Studio album by Bob Bennett
- Released: 1997
- Genre: CCM
- Label: Covenant Artists
- Producer: Phil Naish

Bob Bennett chronology
| Songs from Bright Avenue (1991) | Small Graces (1997) | The View from Here (2002) |

= Small Graces =

Small Graces is Bob Bennett's sixth release.

Phil Naish recorded the tracks on Small Graces by having Bob come into the studio and record each track solo (only Bob's guitar & his vocals), along with a click track; to obtain Bob's most natural performance. Then the other players were brought in to play around that initial solo track. Small Graces was Phil Naish's mandola debut.

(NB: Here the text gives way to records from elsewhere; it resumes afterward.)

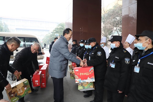 校领导一行先后来到武侯校区食堂、学生公寓服务大厅、校医院、交通运输服务中心、后勤办公楼、校园大门岗亭及航空港校区专家楼岗亭等处,亲切询问了在岗教职员工的身体及生活情况,交流了各岗位工作的运转情况,对大家在新春佳节之际仍坚守工作岗位表示衷心感谢。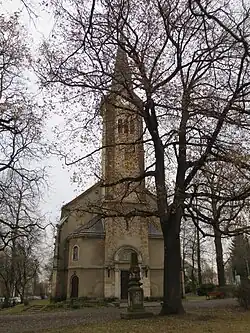Die Kirche ist von einer kleinen Parkanlage umgeben, in der zwei Kriegerdenkmäler stehen. Das Kriegerdenkmal für die Gefallenen des Ersten Weltkriegs steht vor der Kirche und ist interessant gestaltet. Das ältere ist den Gefallenen des Deutsch-Französischen Kriegs 1870/71 gewidmet.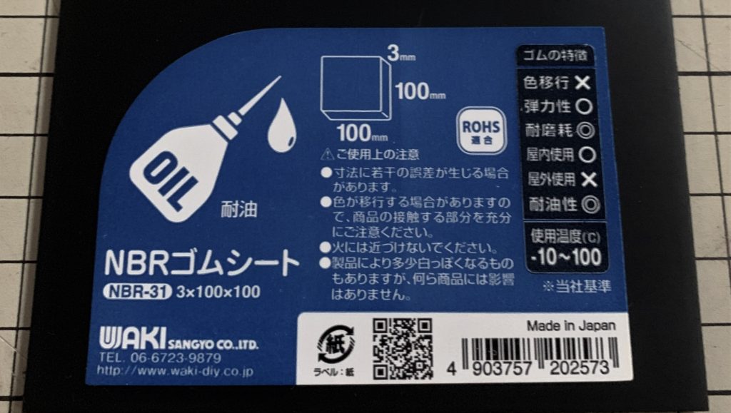 純正の品質にはかなわないと思いますが、今回は以下の3mm厚のNBRゴムシートというものを使います。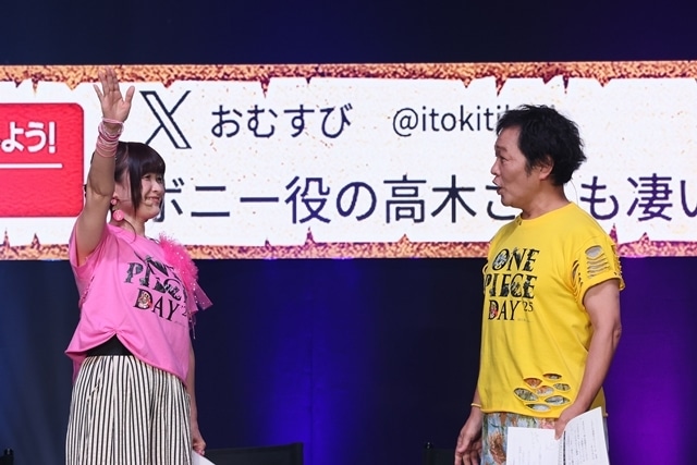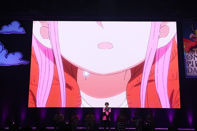キャスト陣による生アフレコのコーナーでは、ルフィが〝夢の果て〟を語るシーンや、くまとボニーの回想シーンなど「エッグヘッド編」の名シーンが披露され、思わず涙ぐむファンの方も。TVアニメ時の思い出を聞かれた高木さんは、台本をもらった段階から>泣いていたそう。

The songs on Small Graces are split between songs that hint at relationships and romance, and those that are directed upward and outward to the body of Christ.

Professional ratings
Review scores
| Source | Rating |
| Cross Rhythms |  |
| The Phantom Tollbooth |  |

==Track listing==
All songs written by Bob Bennett, except where noted.

1. "Small Graces" – 3:55
2. "The Only Risk Worth Taking" – 4:13
3. "Lone Star State" – 3:47
4. "Hand Of Kindness" – 4:05
5. "Jesus In Our Time" – 4:45
6. "The Better Part Of Me" – 4:17
7. "Jesus Christ The Apple Tree" – 3:38
8. "The Last One" – 3:08
9. "My Shadow Companion" – 5:19
10. "Altar In The Field" – 2:30

==Personnel==
- Bob Bennett – acoustic guitar, vocals, composer
- Bonnie Keen – background vocals on "Jesus in our Time" and "Small Graces"
- Cheryl Rogers – background vocals on "Jesus in our Time" and "Small Graces"
- Danny O'Lannerghty – electric bass, acoustic bass
- Ken Lewis – percussion
- Lisa Cochran – background vocals on "Hand of Kindness" and "The Only Risk Worth Taking"
- Phil Naish – mandola, producer
- Ronnie Brookshire (at Mole End) – engineer & mixer
- Scott Brasher – string arrangement for track 2

==Release history==
Small Graces was released by Covenant Artists in 1997; it was distributed by Myrrh.